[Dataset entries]
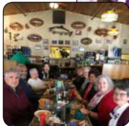
Guest speakers and Leadership Team at lunch
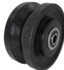
Glass Filled Nylon
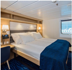
Expedition Suite. From
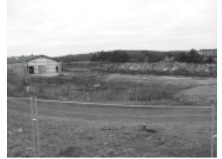
Old station yard.
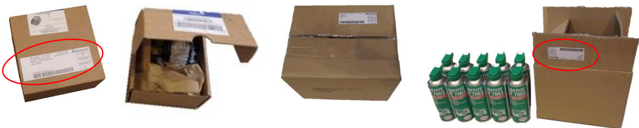
1 1 item, in 1 box, with a sticker
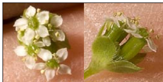
Chaerophyllum procumbens Spreading Wild Chervil • < 1 mm
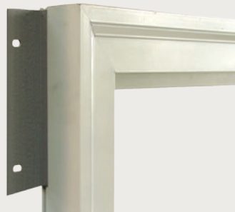
Aluminum clad frame with brickmould nosing and nail fin

NOTE: Colors shown are as accurate as printing methods will permit.
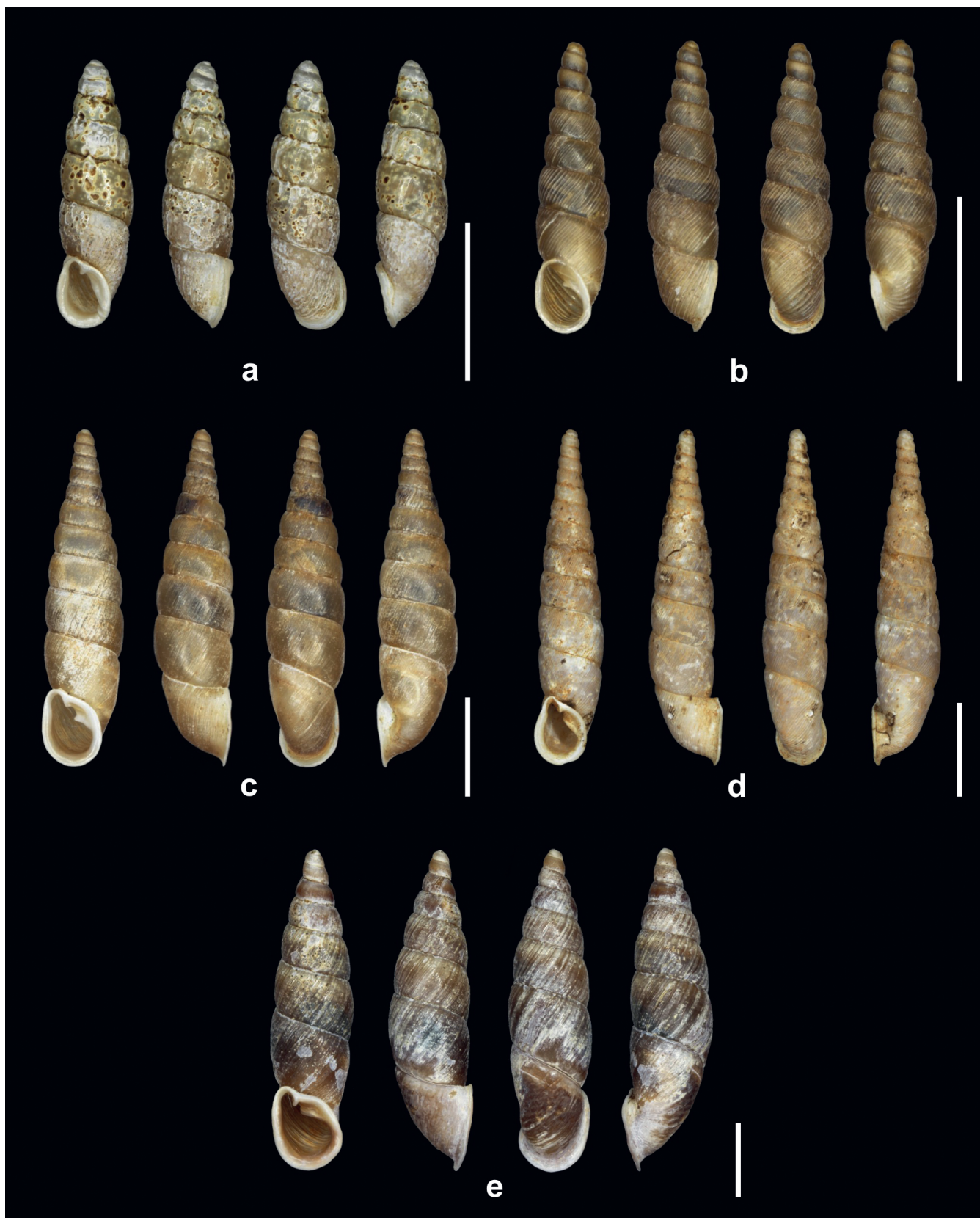
Figure 5 Margaritiphaedusa grata sp. nov., holotype, NHMUK 20200186 (a); Phaedusa kazueae sp. nov., holotype, NHMUK 20200187 (b); Phaedusa lypra (Mabille, 1887), Myanmar, Shan State, Nam Pam, War Lee Kwey Cave (c); Phaedusa theobaldi (Blanford, 1872), Myanmar, Kayah State, Maw Ti Do, Phruno River Cave (d); Phaedusa cocinchinensis (Pfeiffer, 1841), Vietnam, Da Nang, Son Tra Peninsula (e). Scale bars: 5mm.
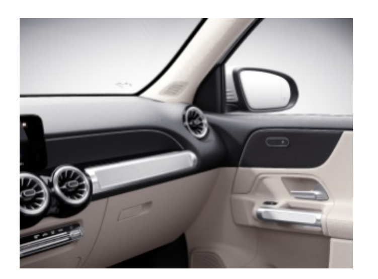
H15 - Natural Grain Black Linden Wood
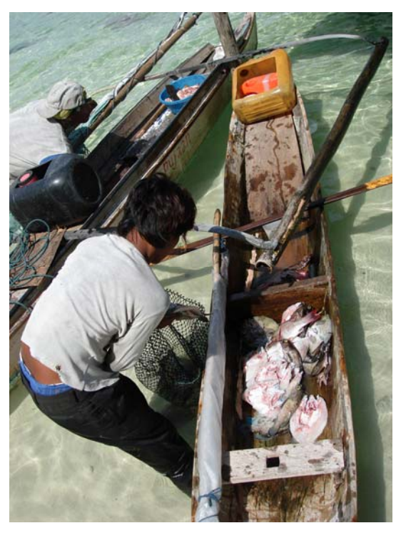
Fisherman bringing in catch in Tun Sakaran Marine Park

The focus for the alternative livelihood programme in the Park therefore needs either to be directly with the Bajau Laut and/or fish dealers or with other communities who might open up job opportunities for the fishing community.
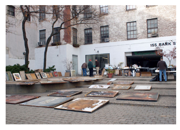
Paintings drying in the Westbeth courtyard
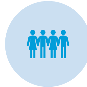
Los Angeles County 2020 Census
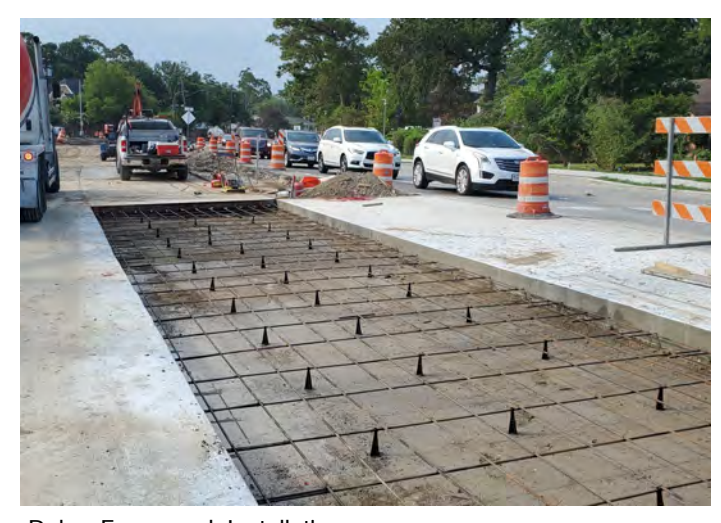
Rebar Framework Installation
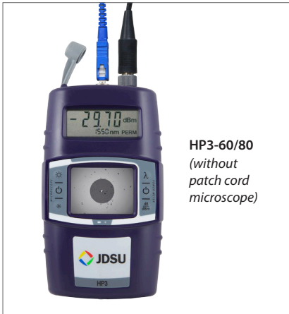
HP3-60/80 (without patch cord microscope)
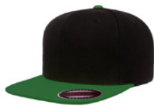
BLACK+NEON GREEN 6019
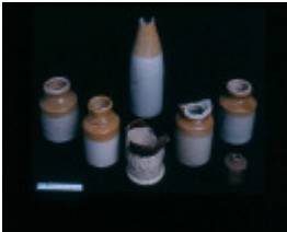
h01889 gisborne mains artefacts pottery
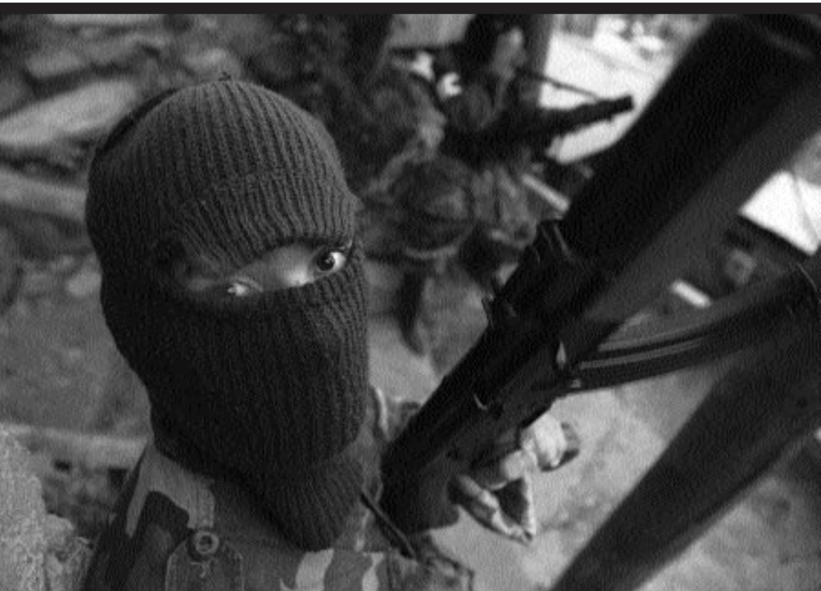
A fourteen-year-old member of the AUC in Medellin in 2002. © MARCELO SALINAS
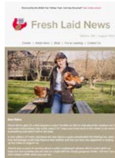
Fresh Laid News

Sponsoring partners are also featured on a page dedicated to acknowledging their support and linking back to their sites.
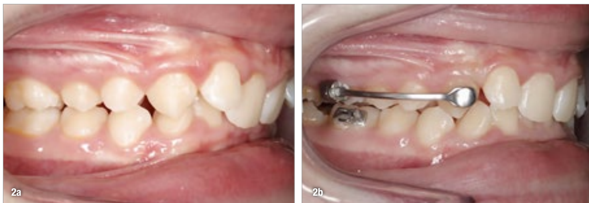
Figs. 2a & b: Case of a Class I occlusion accomplished in two months with the Carriere Motion Pro.

sagittal dimension by moving groups of teeth, generating a Class I occlusion before any comprehensive orthodontic treatment. In this manner, the molars, premolars and canines are brought into a Class I relationship where the maxillary and mandibular first molars exhibit adequate distal rotation and adequate uprighting, depending on whether the clinician is treating a Class II or Class III malocclusion. 5-7 This Class I occlusion is usually accom-
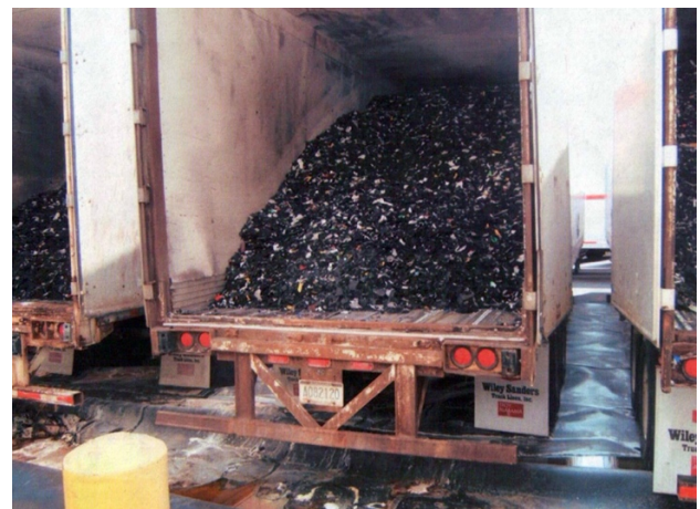
The California Department of Toxic Substances Control photographed these trucks during an inspection of the Exide plant in September 2013. The state wrote that “the doors on the 40ft trailers, that were parked in the staging area and contained hazardous waste plastic chips, were open. Puddles of water could be seen beneath the trailers.”

The state decided to prioritize properties with the highest concentrations of lead, a strategy designed to protect residents at highest risk of exposure.
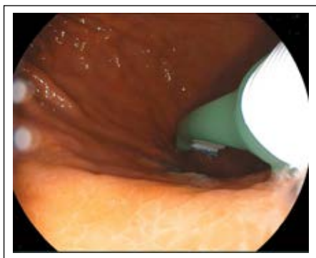
Figure 3. Head of the toothbrush in the greater curvature of the gastric corpus.

The toothbrush length was 18 centimeters (Figure 4). After the procedure the patient presented no complications and was discharged home along with psychiatric assistance.
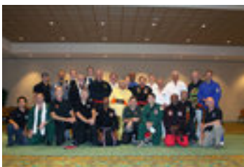
Seminar leaders pose for picture
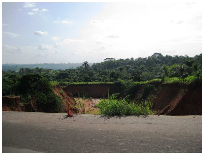
Figure 5. Gully about cutting an asphalt surfaced road

An important factor which contributes significantly to soil erosion problem in southern Nigeria is anthropogenic influence arising from misuse of land. Poor farming systems have contributed to collapse of soil structure and thus encouraging accelerated runoff and soil loss due to erosion. In the event of uncontrollable grazing caused by the nomads has resulted in deforestation of the landscape while indiscriminate foot paths created on the landscape has helped the incipient channels on the landscape to form. These channels eventually metamorphose to gullies especially when they are not checked at inception. Road constructions including uncontrolled infrastructural developments have contributed significantly in gully developments. Some road networks under construction have been abandoned in the region due to gully formation.
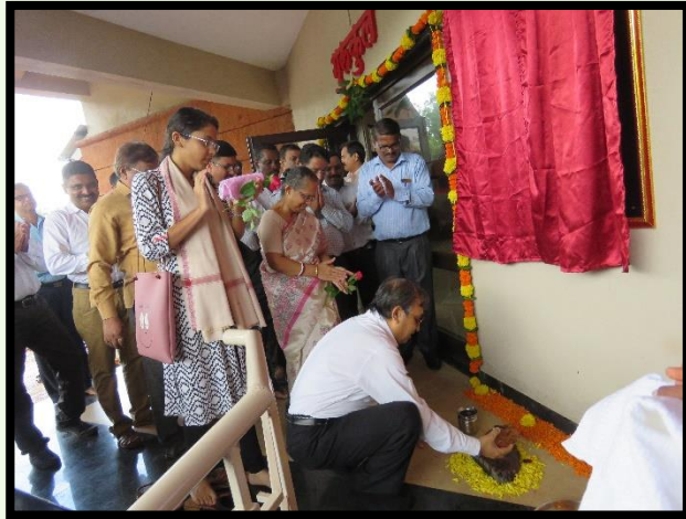
Girls' hostel- 'Vasundhara'
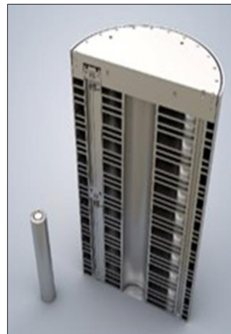
Example view of a cask container
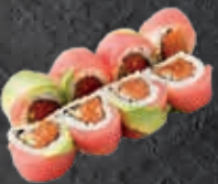
Red Dragon Spicy Tuna, Cucumber, Tuna, Avocado
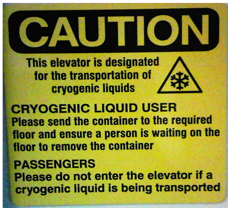
Figure 2. Sign beside the large elevator in the Chemistry Building.

There is a sign beside this elevator to identify it as an approved elevator. See picture below.
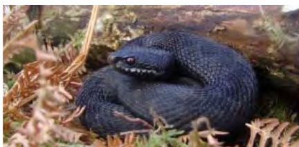
Black adder © Paul Smith
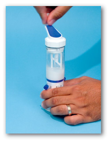
• Mix for 1 minute
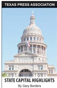
STATE CAPITAL HIGHLIGHTS By Gary Borders

The damage caused by Winter Storm Uri to the state's trees is still being assessed. While many hard-
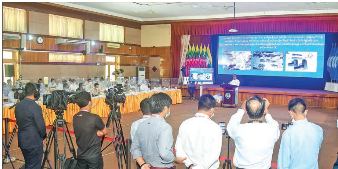
The 19 th Press Conference of the SAC Information Team is in progress yesterday.

First, Information Team Leader Maj-Gen Zaw Min Tun explained the holding of the National Defence and Security Council Meeting 2/2022 by SAC on 31 July 2022, undertakings of the tasks by SAC in accord with the adopted roadmap and future plans, implementation of two national visions and two political visions by the Council, holding of the coordination meeting on accomplishments of the Union government attended by Union ministers, region and state chief ministers and chairmen of self-administered zones, trans-

_ASSIGNMENT_
Return the data exactly. Do not carry over any images.

_ANSWER TO THIS PROBLEM_
Guest speakers and Leadership Team at lunch
Glass Filled Nylon
Expedition Suite. From
Old station yard.
1 1 item, in 1 box, with a sticker
Chaerophyllum procumbens Spreading Wild Chervil • < 1 mm
Aluminum clad frame with brickmould nosing and nail fin

NOTE: Colors shown are as accurate as printing methods will permit.
Figure 5 Margaritiphaedusa grata sp. nov., holotype, NHMUK 20200186 (a); Phaedusa kazueae sp. nov., holotype, NHMUK 20200187 (b); Phaedusa lypra (Mabille, 1887), Myanmar, Shan State, Nam Pam, War Lee Kwey Cave (c); Phaedusa theobaldi (Blanford, 1872), Myanmar, Kayah State, Maw Ti Do, Phruno River Cave (d); Phaedusa cocinchinensis (Pfeiffer, 1841), Vietnam, Da Nang, Son Tra Peninsula (e). Scale bars: 5mm.
H15 - Natural Grain Black Linden Wood
Fisherman bringing in catch in Tun Sakaran Marine Park

The focus for the alternative livelihood programme in the Park therefore needs either to be directly with the Bajau Laut and/or fish dealers or with other communities who might open up job opportunities for the fishing community.
Paintings drying in the Westbeth courtyard
Los Angeles County 2020 Census
Rebar Framework Installation
HP3-60/80 (without patch cord microscope)
BLACK+NEON GREEN 6019
h01889 gisborne mains artefacts pottery
A fourteen-year-old member of the AUC in Medellin in 2002. © MARCELO SALINAS
Fresh Laid News

Sponsoring partners are also featured on a page dedicated to acknowledging their support and linking back to their sites.
Figs. 2a & b: Case of a Class I occlusion accomplished in two months with the Carriere Motion Pro.

sagittal dimension by moving groups of teeth, generating a Class I occlusion before any comprehensive orthodontic treatment. In this manner, the molars, premolars and canines are brought into a Class I relationship where the maxillary and mandibular first molars exhibit adequate distal rotation and adequate uprighting, depending on whether the clinician is treating a Class II or Class III malocclusion. 5-7 This Class I occlusion is usually accom-
The California Department of Toxic Substances Control photographed these trucks during an inspection of the Exide plant in September 2013. The state wrote that “the doors on the 40ft trailers, that were parked in the staging area and contained hazardous waste plastic chips, were open. Puddles of water could be seen beneath the trailers.”

The state decided to prioritize properties with the highest concentrations of lead, a strategy designed to protect residents at highest risk of exposure.
Figure 3. Head of the toothbrush in the greater curvature of the gastric corpus.

The toothbrush length was 18 centimeters (Figure 4). After the procedure the patient presented no complications and was discharged home along with psychiatric assistance.
Seminar leaders pose for picture
Figure 5. Gully about cutting an asphalt surfaced road

An important factor which contributes significantly to soil erosion problem in southern Nigeria is anthropogenic influence arising from misuse of land. Poor farming systems have contributed to collapse of soil structure and thus encouraging accelerated runoff and soil loss due to erosion. In the event of uncontrollable grazing caused by the nomads has resulted in deforestation of the landscape while indiscriminate foot paths created on the landscape has helped the incipient channels on the landscape to form. These channels eventually metamorphose to gullies especially when they are not checked at inception. Road constructions including uncontrolled infrastructural developments have contributed significantly in gully developments. Some road networks under construction have been abandoned in the region due to gully formation.
Girls' hostel- 'Vasundhara'
Example view of a cask container
Red Dragon Spicy Tuna, Cucumber, Tuna, Avocado
Figure 2. Sign beside the large elevator in the Chemistry Building.

There is a sign beside this elevator to identify it as an approved elevator. See picture below.
Black adder © Paul Smith
• Mix for 1 minute
STATE CAPITAL HIGHLIGHTS By Gary Borders

The damage caused by Winter Storm Uri to the state's trees is still being assessed. While many hard-
The 19 th Press Conference of the SAC Information Team is in progress yesterday.

First, Information Team Leader Maj-Gen Zaw Min Tun explained the holding of the National Defence and Security Council Meeting 2/2022 by SAC on 31 July 2022, undertakings of the tasks by SAC in accord with the adopted roadmap and future plans, implementation of two national visions and two political visions by the Council, holding of the coordination meeting on accomplishments of the Union government attended by Union ministers, region and state chief ministers and chairmen of self-administered zones, trans-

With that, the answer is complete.